[Records from a collection]

# # # # # # #

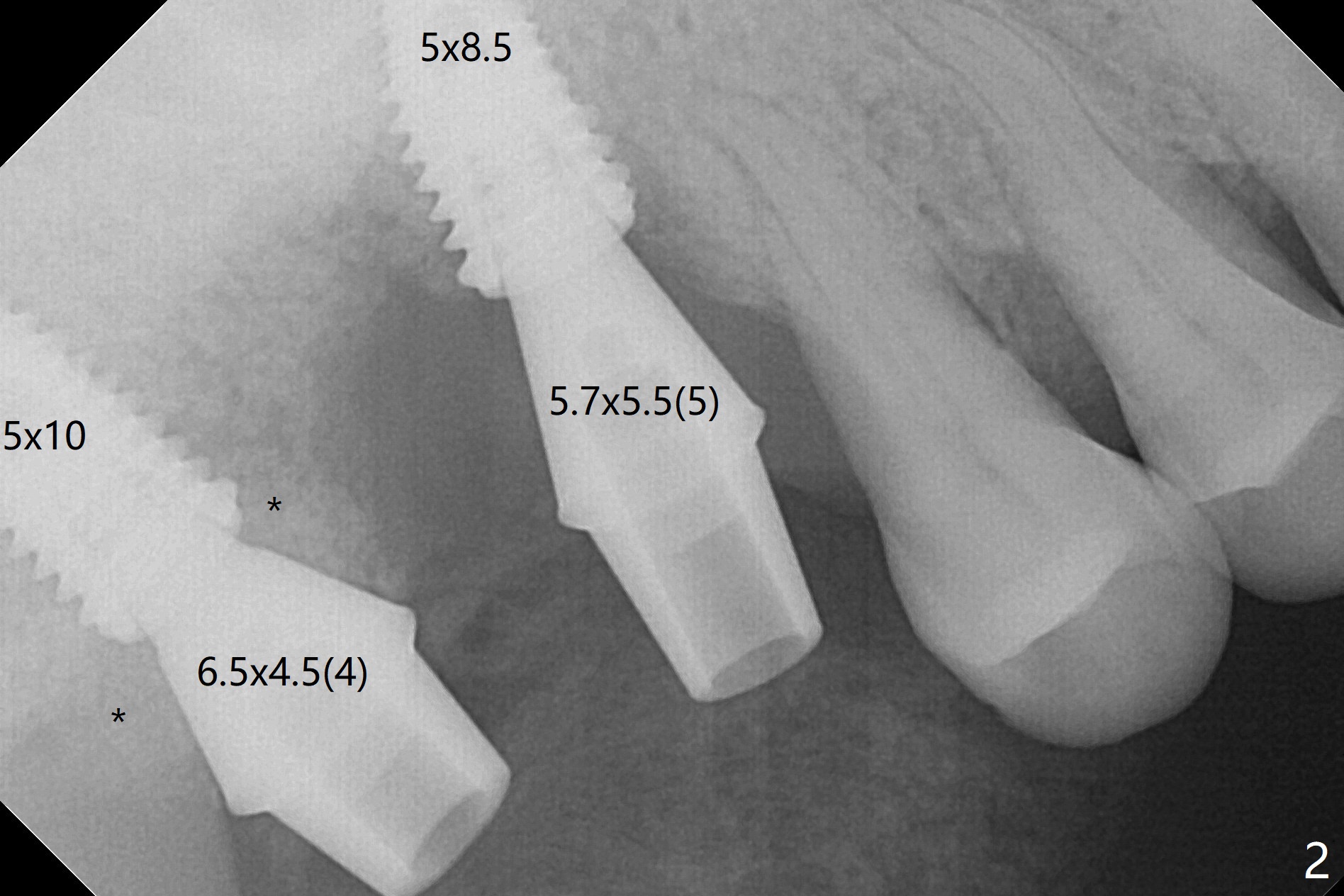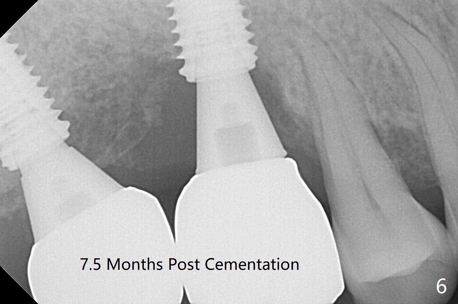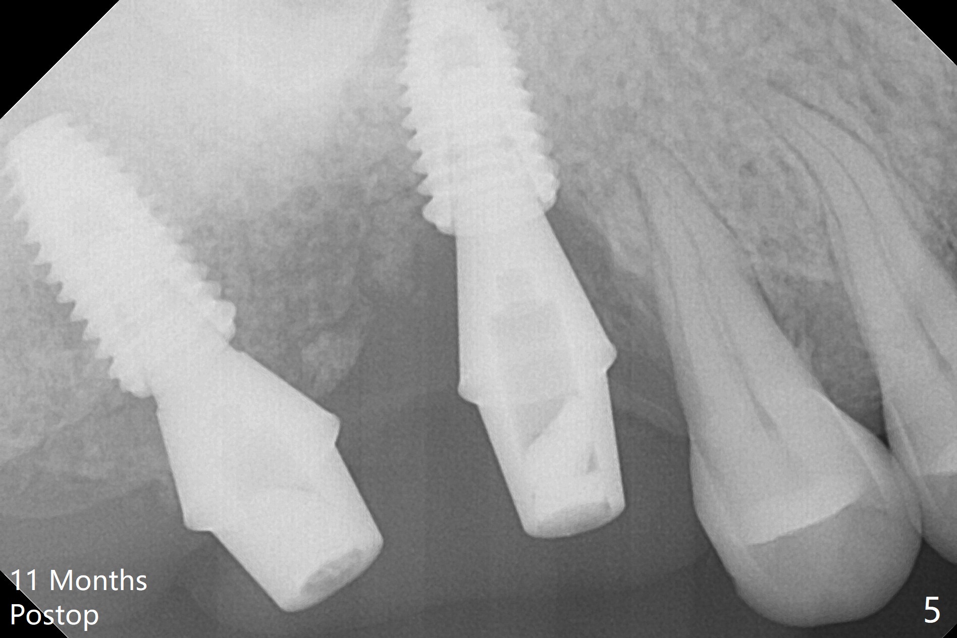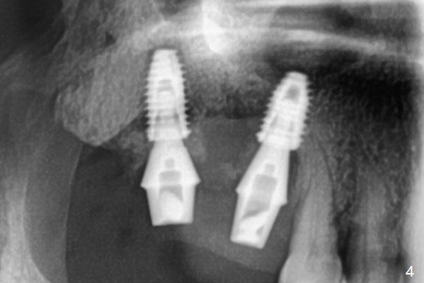 After use of 2.2 mm IS drill, DIO parallel pins are unstable at #2 and 3, partially due to shallow osteotomy. PA is not taken with parallel pins. When dummy implants are placed, the axis at #3 is noted; but instead of moving the apical end of the osteotomy distal (Fig.1 red line), the coronal end is moved mesial. By the time definitive implants and abutments are placed, the axis of #3 is parallel to that of #4, but close to each other (Fig.2,3). Orthogonal panoramic X-ray shows that they are critically close (Fig.4). If PA were taken with parallel pins after initial osteotomy, correction would be easy. The patient is doing fine postop without pain or nasal hemorrhage. There is no thread exposure 11 months postop (Fig.5). The abutment screw at #3 is retightened 7.5 months post cementation (Fig.6 (poor crown/implant ratio)).
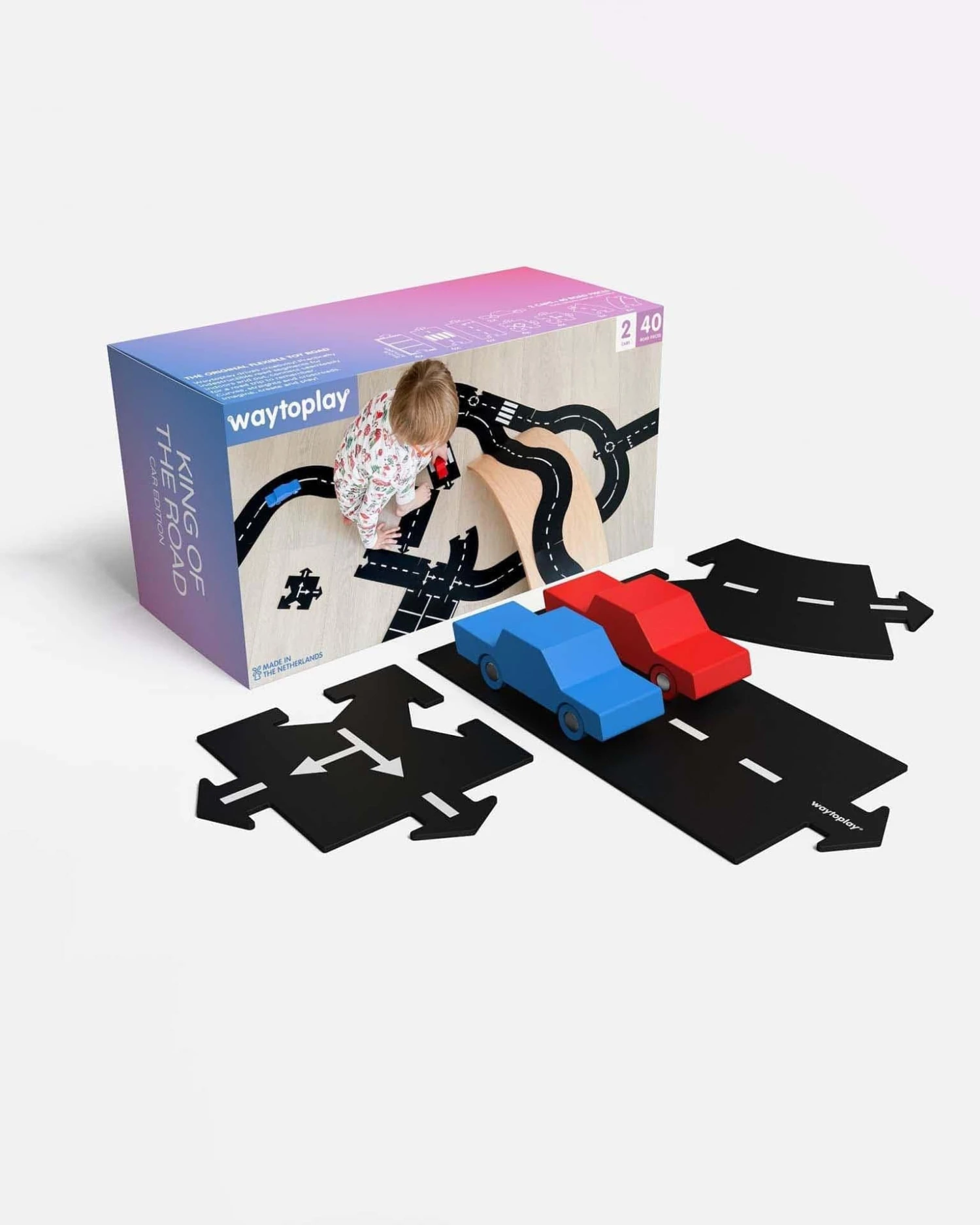 Waytoplay’s King of the Road Extra Long Set will provide endless fun for your little! Including forty road parts and two cars, this set has everything you need for maximum fun. These roads can be played with at home, at the beach, or in the park! Don’t forget to add on an Extension Set for an extra special touch.
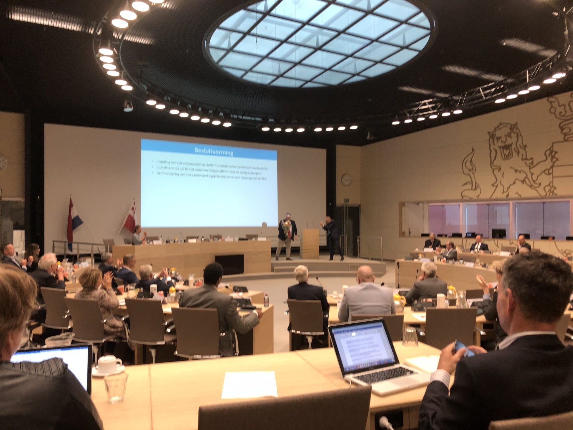 Werk de rest van de ochtend op mijn werkkamertje op zolder. Heb veel te lezen en voorbereiden. Inmiddels heeft facilitair medewerker Faisel een dienstfiets gebracht. Top. Stap aan het begin van de middag op de fiets richting het Provinciehuis aan de Archimedeslaan. Woon de vergadering bij van het Strategisch Beraad Veiligheid. De ministers Kajsa Ollongren en Ferd Grapperhaus nemen aan het beraad deel. Fiets na afloop meteen naar huis en ga door naar het Domplein. Zet Theo van Wijk in het zonnetje voor zijn vrijwilligerswerk voor onder andere DOMunder. Mag hem namens het gemeentebestuur een Maartenspenning overhandigen. Stephanie Stobbelaar (kabinetszaken) begeleidt me.
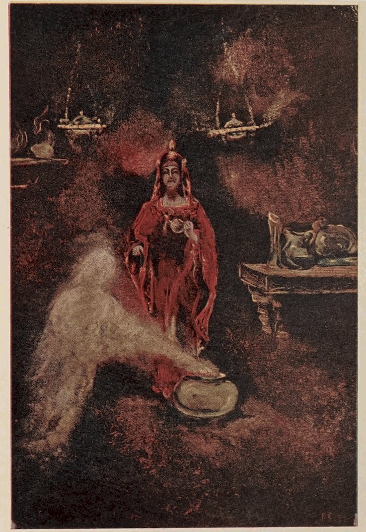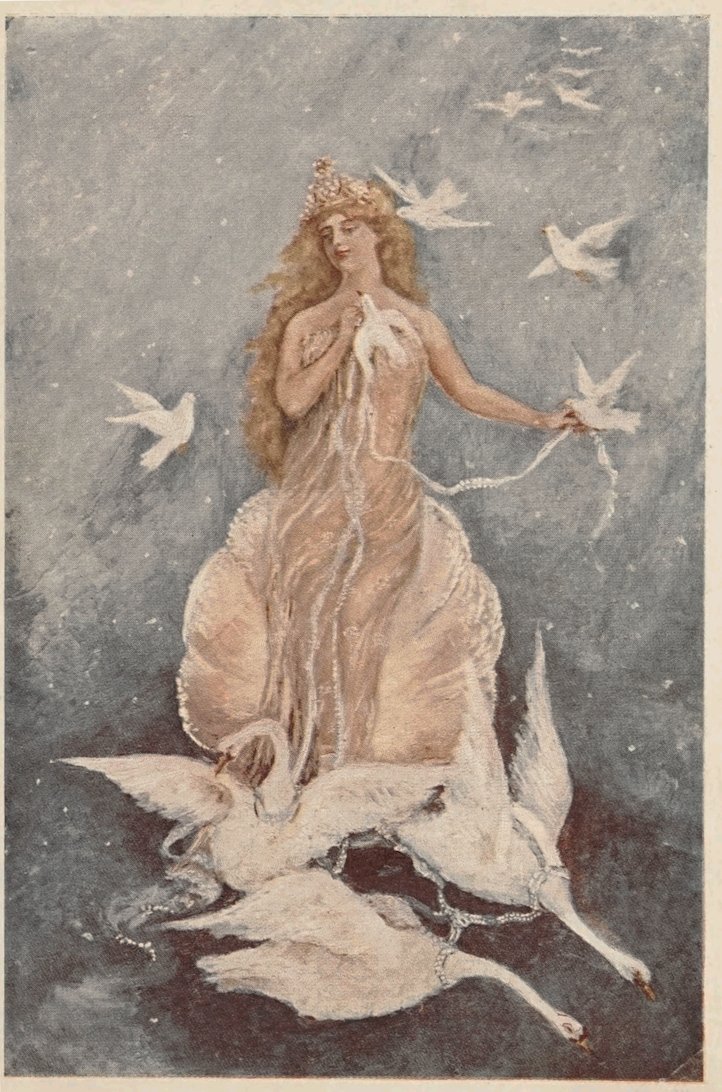Twelve white pigeons heralded the approach of Venus in her pink-tinted shell-chariot emblazoned with emeralds, pearls, and corals, and drawn by snow-white swans, which were dedicated to her by the ancients. Her robe was of palest green, sprinkled with pearls and embroidered to represent seafoam. A magic girdle encircled her waist. In her hands she carried violets and maidenhair 166ferns. At her side stood a basket of pomegranates, sweet pears and figs. As the chariot passed, one could scent the perfume of thyme, myrtle, and musk, perfumes especially pleasing to her, as was the flavor of the fruits at her side.
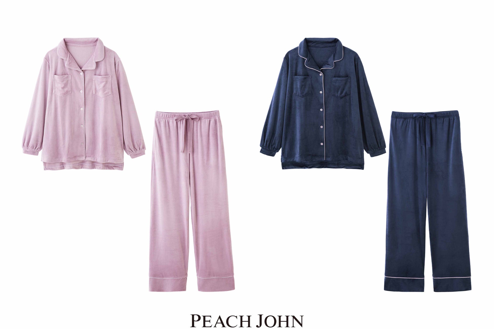 ストレッチ性のある生地でストレスフリーな着心地のベロアパジャマ。新作のベロアシャツパジャマは裏起毛加工を施し、よく伸びるストレッチベロアを使用しているのでお部屋でも動きやすい。可愛らしい色味のピンクと、ベーシックなネイビーの2色展開です。
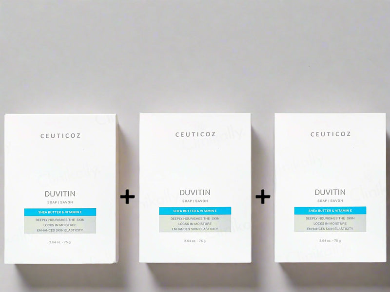 Ceuticoz Duvitin Soap is a hydrating, skin-friendly cleanser designed to cleanse gently while preserving the skin’s natural moisture barrier. Infused with Vitamin E, Sodium PCA, Shea Butter, and Olive Oil, it helps lock in hydration, improve skin elasticity, and protect against dryness and flakiness. Its rich, creamy lather leaves the skin soft, smooth, and nourished after every wash, making it ideal for dry, sensitive, or rough skin.
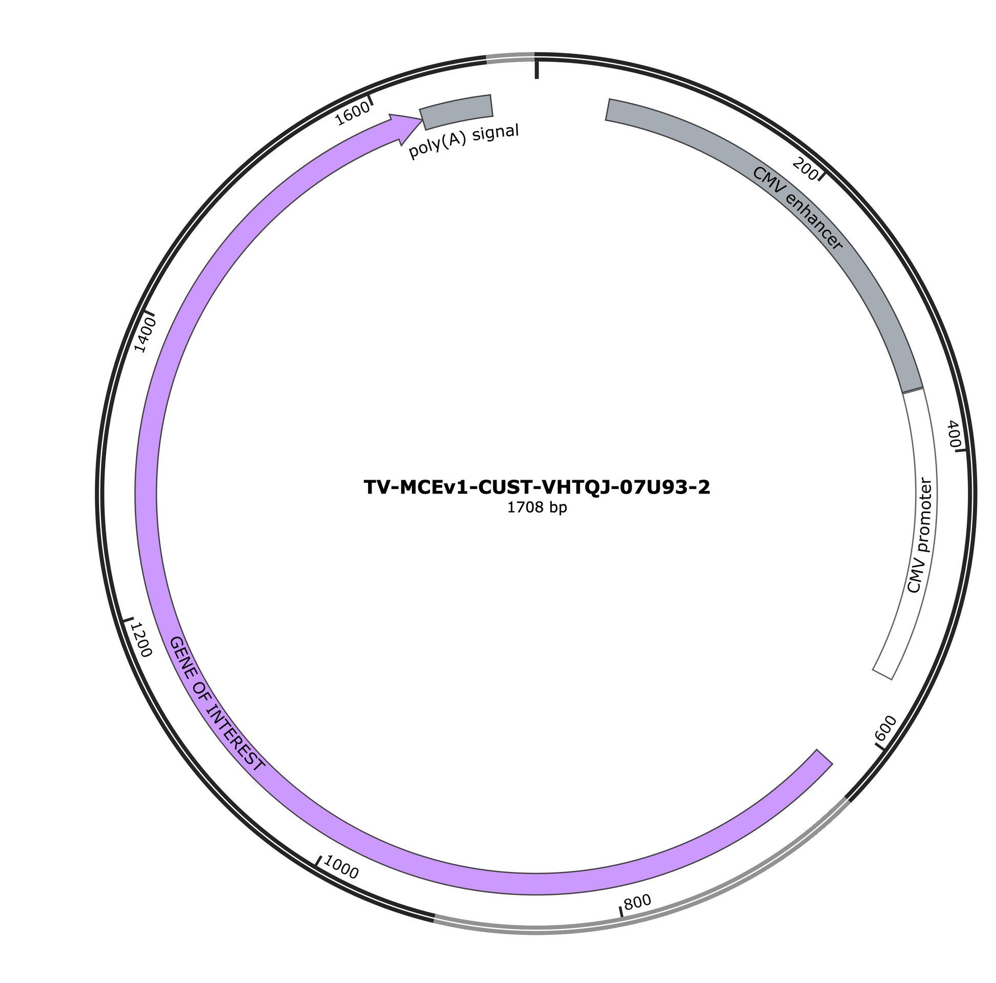 TrueVector-CMV-Custom (AmpR, High Copy) is a high-yield expression plasmid engineered for robust, transient expression of your gene of interest in mammalian cells. It features a CMV-derived promoter optimized for strong transcription across a wide range of cell types.

# # # # # # #

TASK BRIEF: Strip out the pictures and quote the remaining data word for word.

TASK RESULT:
 After use of 2.2 mm IS drill, DIO parallel pins are unstable at #2 and 3, partially due to shallow osteotomy. PA is not taken with parallel pins. When dummy implants are placed, the axis at #3 is noted; but instead of moving the apical end of the osteotomy distal (Fig.1 red line), the coronal end is moved mesial. By the time definitive implants and abutments are placed, the axis of #3 is parallel to that of #4, but close to each other (Fig.2,3). Orthogonal panoramic X-ray shows that they are critically close (Fig.4). If PA were taken with parallel pins after initial osteotomy, correction would be easy. The patient is doing fine postop without pain or nasal hemorrhage. There is no thread exposure 11 months postop (Fig.5). The abutment screw at #3 is retightened 7.5 months post cementation (Fig.6 (poor crown/implant ratio)).
 Waytoplay’s King of the Road Extra Long Set will provide endless fun for your little! Including forty road parts and two cars, this set has everything you need for maximum fun. These roads can be played with at home, at the beach, or in the park! Don’t forget to add on an Extension Set for an extra special touch.
 Werk de rest van de ochtend op mijn werkkamertje op zolder. Heb veel te lezen en voorbereiden. Inmiddels heeft facilitair medewerker Faisel een dienstfiets gebracht. Top. Stap aan het begin van de middag op de fiets richting het Provinciehuis aan de Archimedeslaan. Woon de vergadering bij van het Strategisch Beraad Veiligheid. De ministers Kajsa Ollongren en Ferd Grapperhaus nemen aan het beraad deel. Fiets na afloop meteen naar huis en ga door naar het Domplein. Zet Theo van Wijk in het zonnetje voor zijn vrijwilligerswerk voor onder andere DOMunder. Mag hem namens het gemeentebestuur een Maartenspenning overhandigen. Stephanie Stobbelaar (kabinetszaken) begeleidt me.
Twelve white pigeons heralded the approach of Venus in her pink-tinted shell-chariot emblazoned with emeralds, pearls, and corals, and drawn by snow-white swans, which were dedicated to her by the ancients. Her robe was of palest green, sprinkled with pearls and embroidered to represent seafoam. A magic girdle encircled her waist. In her hands she carried violets and maidenhair 166ferns. At her side stood a basket of pomegranates, sweet pears and figs. As the chariot passed, one could scent the perfume of thyme, myrtle, and musk, perfumes especially pleasing to her, as was the flavor of the fruits at her side.
 ストレッチ性のある生地でストレスフリーな着心地のベロアパジャマ。新作のベロアシャツパジャマは裏起毛加工を施し、よく伸びるストレッチベロアを使用しているのでお部屋でも動きやすい。可愛らしい色味のピンクと、ベーシックなネイビーの2色展開です。
 Ceuticoz Duvitin Soap is a hydrating, skin-friendly cleanser designed to cleanse gently while preserving the skin’s natural moisture barrier. Infused with Vitamin E, Sodium PCA, Shea Butter, and Olive Oil, it helps lock in hydration, improve skin elasticity, and protect against dryness and flakiness. Its rich, creamy lather leaves the skin soft, smooth, and nourished after every wash, making it ideal for dry, sensitive, or rough skin.
 TrueVector-CMV-Custom (AmpR, High Copy) is a high-yield expression plasmid engineered for robust, transient expression of your gene of interest in mammalian cells. It features a CMV-derived promoter optimized for strong transcription across a wide range of cell types.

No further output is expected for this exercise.